Messersmith’s sexual orientation wasn’t a secret to his coaches or teammates before the story was released. He says he told his teammates, including his best friend Brett Fisher, who played at Blue Valley Northwest, in the fall. All were supportive.

Messersmith also contacted Outsports with his story before NBA player Jason Collins announced that he is gay.

“I always wanted to put it out there,” Messersmith told Outsports, “ I wanted to show people it could be fine.

“ I’m just one of the guys, who happens to like guys.”

Benedictine is in Atchison, Kan., and has an undergraduate enrollment of about 2,000. It is affiliated with the Roman Catholic Church, which considers homosexual acts a sin but also says gays “must be accepted with respect, compassion, and sensitivity.”

School president Steve Minnis told The Star he doesn’t expect anything to change on campus, where he says Messersmith is well-liked.

“I’ve had conversations with the coaches to make sure he was being treated with respect and sensitivity,” Minnis said. “Our position always has been with Jallen is we love him as one of God’s children, and we want to make sure everything is positive for him.”

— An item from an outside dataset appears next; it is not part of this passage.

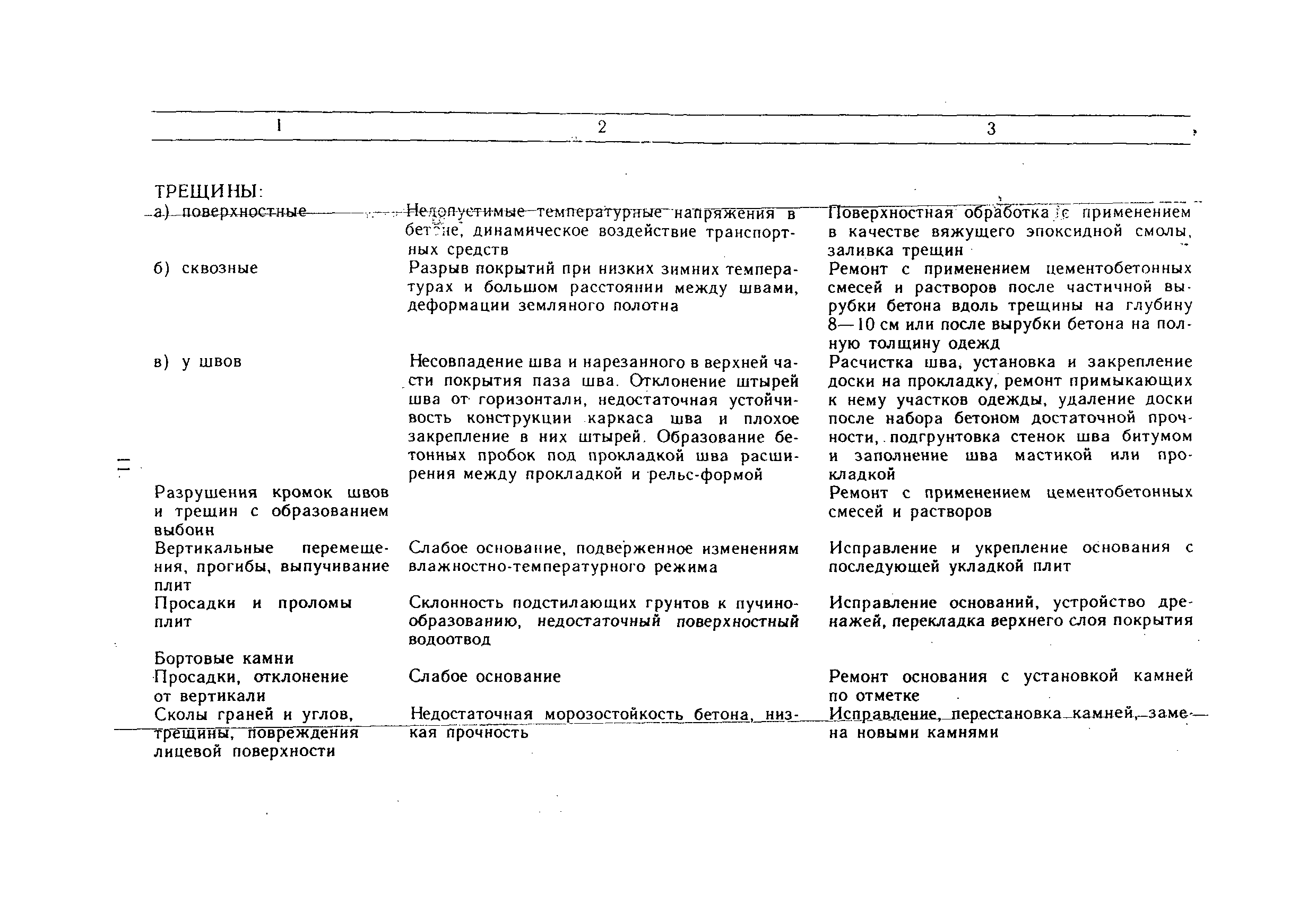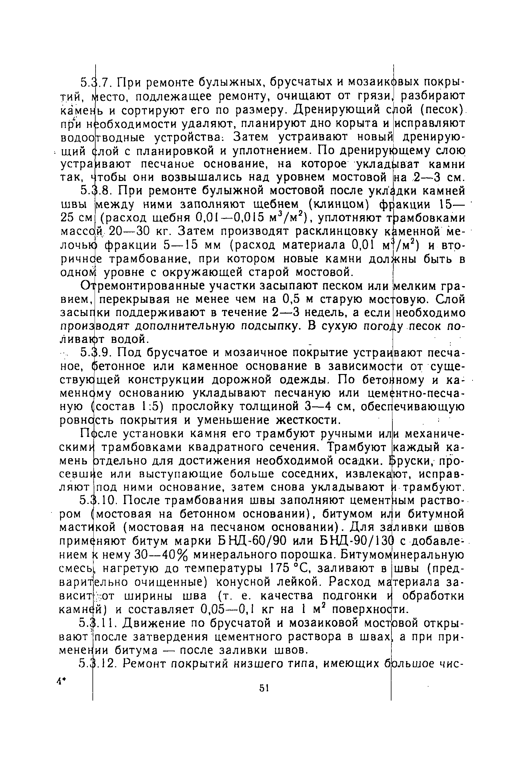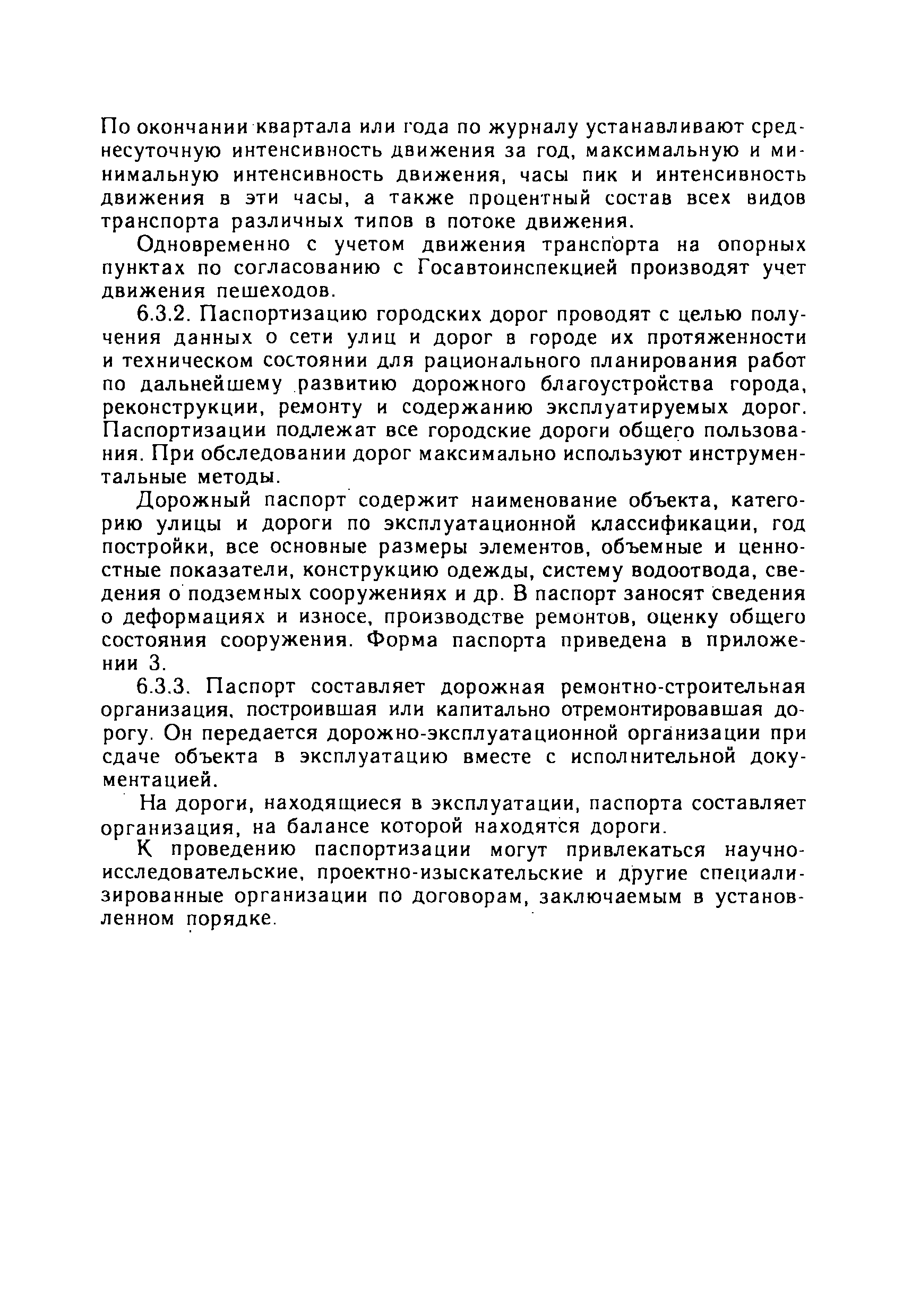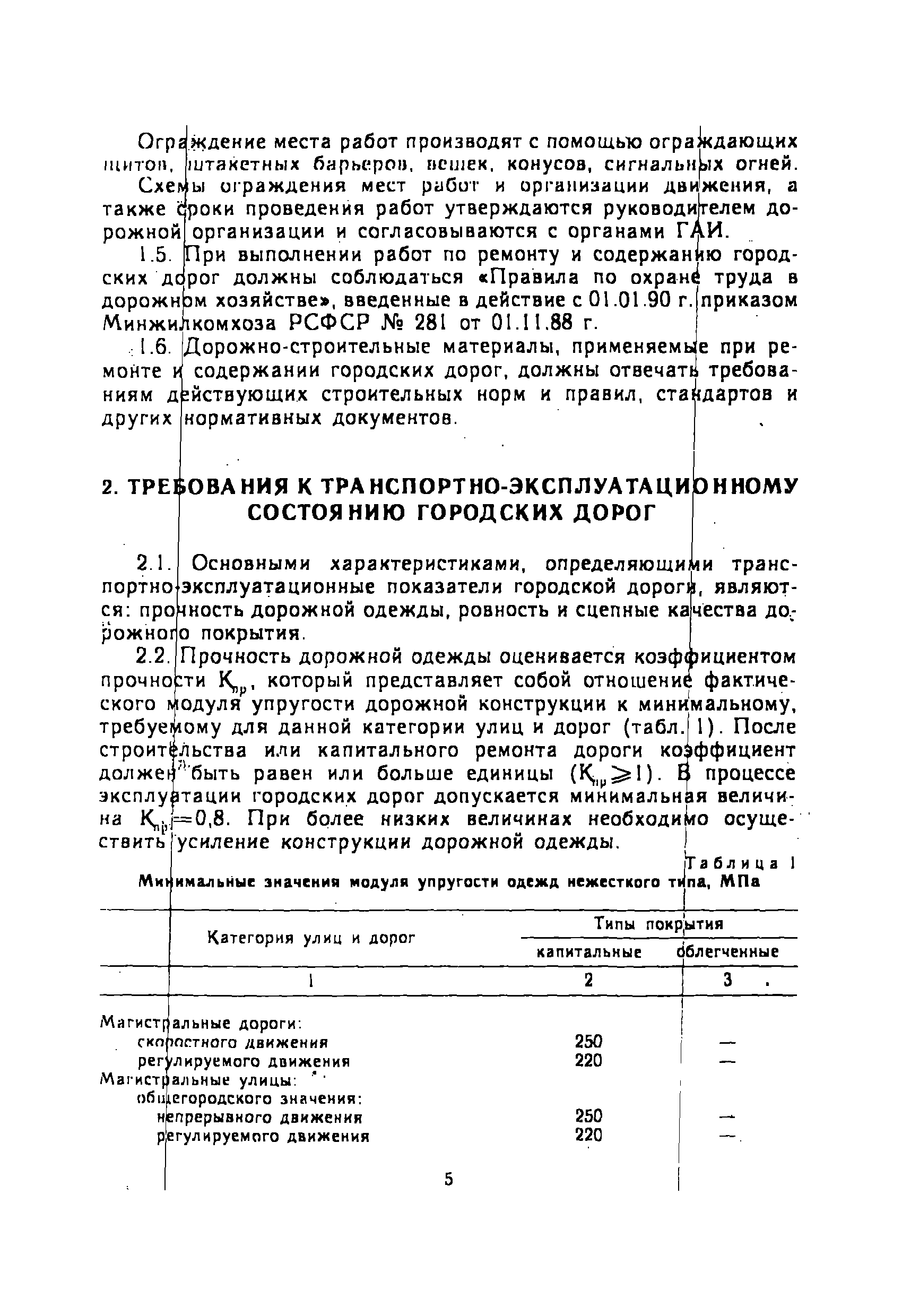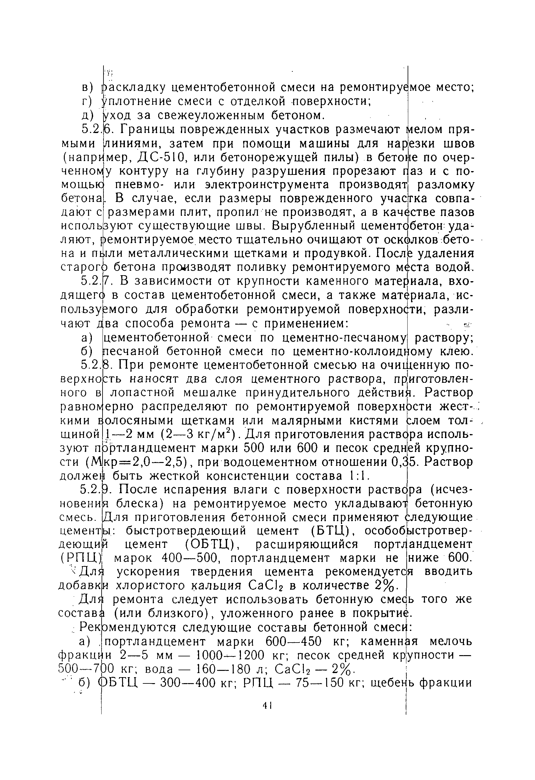 | Оглавление: | 1. Общие положения 2. Требования к транспортно-эксплуатационному состоянию городских дорог 3. Состав работ по ремонту и содержанию городских дорог 4. Капитальный ремонт 4.1 Общая часть 4.2 Ремонт земляного полотна и водостоков 4.3 Ремонт асфальтобетонных покрытий Укладка нового слоя по существующему покрытию Ремонт методом регенерации старого асфальтобетона 4.4 Ремонт цементобетонных покрытий 5. Текущий ремонт 5.1 Ремонт асфальтобетонных покрытий Заделка выбоин и просадок Ликвидация волн и наплывов Заделка трещин Устройство слоя износа 5.2 Ремонт цементобетонных покрытий Заделка выбоин и просадок Ремонт покрытий из сборных плит Ремонт швов и заделка трещин Устройство слоя износа 5.3 Ремонт покрытий переходного и низшего типов 5.4 Восстановление дорожной одежды после разрытий 5.5 Ремонт бортового камня 5.6 Ремонт дождевой канализации 6. Содержание городских дорог 6.1 Содержание земляного полотна и водоотвода 6.2 Содержание дородных покрытий 6.3 Учет интенсивности движения и паспортизация городских дорог 7. Правила приемки и контроль качества работ 7.1 Порядок приемки работ по ремонту городских улиц 7.2 Контроль качества работ Земляное полотно и водостоки Дорожные одежды Приложение 1. Технологические схемы ремонта городских дорог Приложение 2. Машины и механизмы для ремонта и содержания дорог Приложение 3. Форма паспорта городской дороги |

On the floor, it couldn’t have been more positive. Messersmith, a 6-foot-7 forward whose first name is a combination of his middle name, Allen, and that of former Michigan star Jalen Rose, finished his sophomore season averaging 4.9 points and 3.6 rebounds. He finished third in NAIA Division I with 1.9 blocks per game.

“We are a Catholic college, and we take our mission and values seriously,” Minnis said. “Our duty as Catholics, straight from the church, is to treat everybody with respect and accept them for who they are.”